Thyroid carcinomas have been found incidentally in the cervical lymph nodes during surgery for head and neck squamous cell carcinoma (SCC). Such carcinomas have been considered a metastatic focus for malignant transformation of heterotopic thyroid tissue. We report on cases of so-called occult thyroid carcinoma in the cervical lymph nodes, and review the relevant literature.


We encountered 3 cases of incidental papillary carcinoma in the cervical lymph nodes of patients with oral SCC, and consequently reviewed 75 previously reported cases.
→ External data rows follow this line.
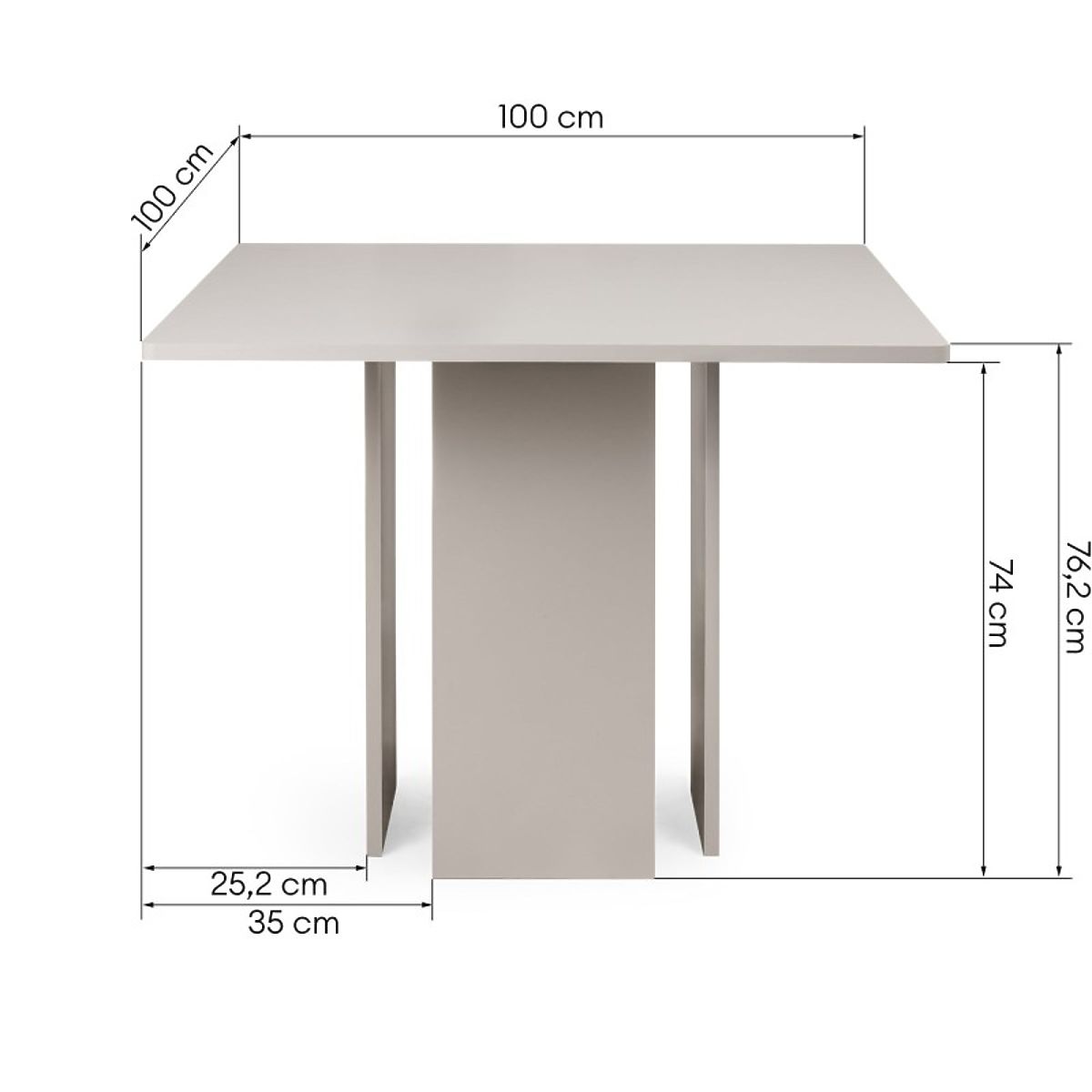 • Square tabletop 100 × 100 cm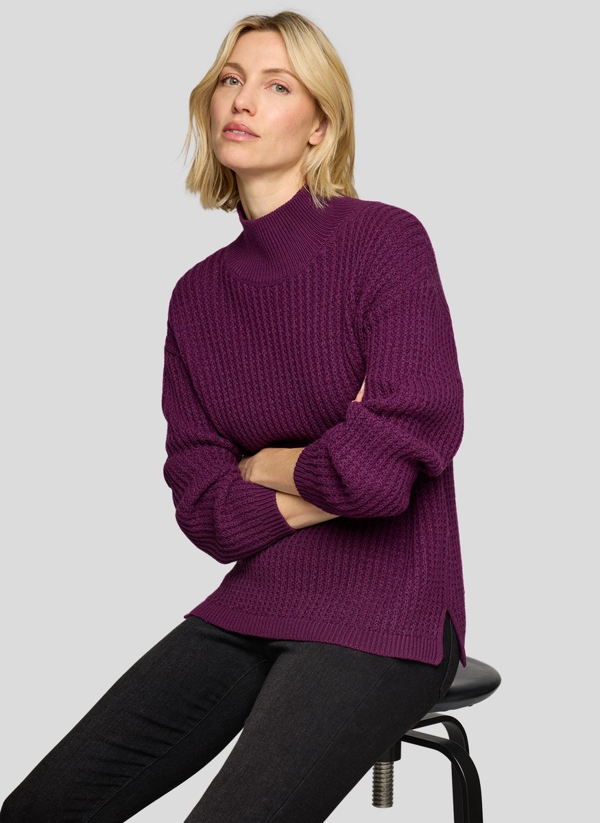 Der figurnahe Pullover präsentiert sich mit Rippenstruktur und formstabilem Strick. Der fein gerippte Stehkragen sorgt für einen stilvollen Akzent, während das softe Material angenehm auf der Haut liegt. Ein vielseitiges Modell für viele Gelegenheiten _ ohne Wollanteil, aber mit Komfort. Strukturstrick mit Rippenmuster. Weicher Griff ohne Wolle. Gerader, figurbetonter Schnitt. Stehkragen mit feiner Rippung. Ideal für lässige Looks und kühle Tage.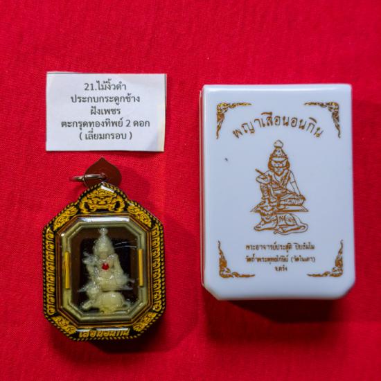 พญาเสือนอนกิน พระอาจารย์ประสูติ วัดในเตา ไม้งิ้วดำ ประกบกระดูกช้าง ฝังเพชร ตะกรุดทองทิพย์ 2 ดอก (เลี่ยมกรอบใส่น้ำมันเสือเดิมๆจากวัด) เลขโค้ด 5 |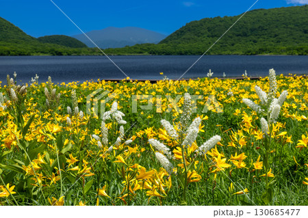福島県喜多方市熊倉町雄国 雄国沼湿原の満開のニッコウキスゲと白いコバイケイソウと背景の西吾妻山の景色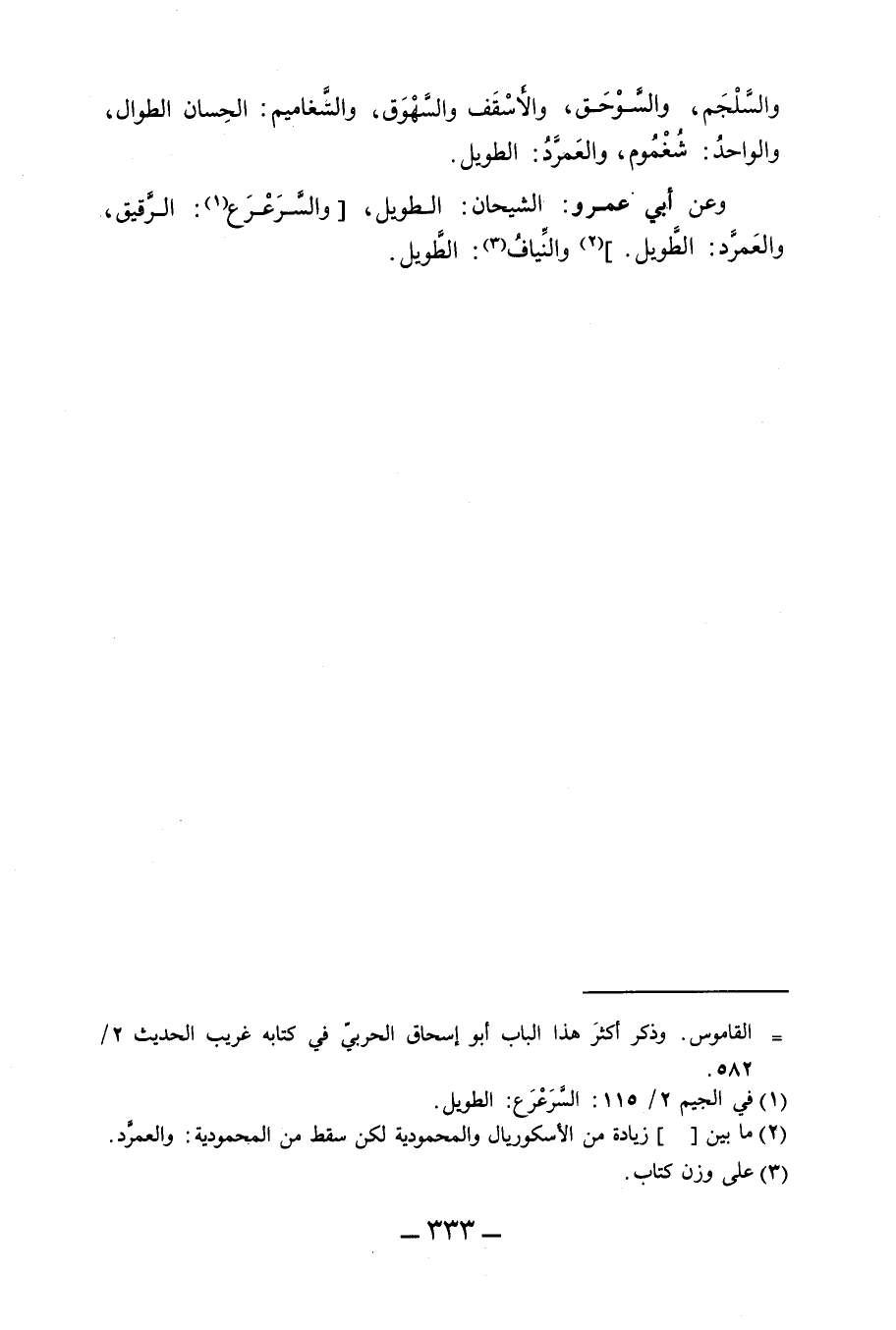 والسَّلْجَم، والسوْحَق، والأسْقَف والسَّهْوَق، والشَّغاميم: الحِسان الطوال، والواحد: شُغموم، والعَمرَّدُ: الطويل.

Among 148 patients with oral SCC who had undergone cervical lymph node dissection, 3 were diagnosed with occult thyroid carcinoma. Papillary carcinomas were found in 3, 10, and 3 lymph nodes in cases 1, 2, and 3, respectively. Computed tomography showed 2 tumor-like shadows and 1 calcified mass in the thyroid gland in cases 2 and 3, respectively. These shadows did not enlarge during the 3 to 5 years of observation, and all patients are alive, without any events related to the neck and thyroid gland. Among the reviewed cases, approximately two fifths were histopathologically or clinically free from thyroid carcinoma. Progressive thyroid carcinoma was not detected in any patient.


We propose the possibility that thyroid carcinoma in the cervical lymph nodes is not necessarily metastatic, but may occasionally arise from heterotopic thyroid tissue.